Title: Revealing the Truth
Author: Minnie
Rating: PG
Category: Max/Liz
Setting: Harvest alley scene
Disclaimer: I don't own any of these
characters. No infringement intended.
Dedication: To my dreamer sister who
wanted an angsty M&L fic
Feedback: Constructive feedback is
appreciated.
Author's Note: Liz POV
The alley is dark and gloomy, much like my mood. A breeze blows past me, raising goosebumps on my arms. I rub my hands on my arms, trying to ward
off the cold. Who am I kidding? It wasn't the breeze that chilled me, it was
the events of the past 24 hours.
That devastated look on Max's face as he saw me and Kyle in bed together, broke
my heart, chilled it to the point that it almost became numb.

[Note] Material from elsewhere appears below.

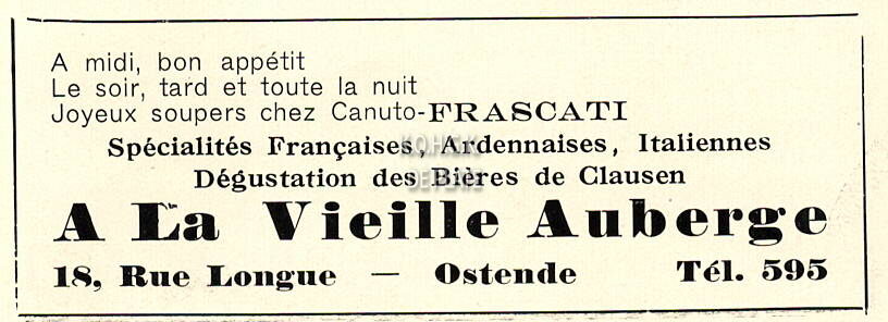 Advertentie : A la Vieille Auberge. 18, Rue Longue, Ostende

I walk faster, trying to outrun the memory of that look. "What I did was right. I know it was," I tell myself. "It was for the good of
everyone." Somehow those words
seem hollow. What good was it
doing? Max is hurt, Kyle is befuddled
and I'm in agony. Maria doesn't even
know. My best friend and I can't even
tell her about it. Restlessly, I run my fingers through my hair. The secret is too great to bear alone.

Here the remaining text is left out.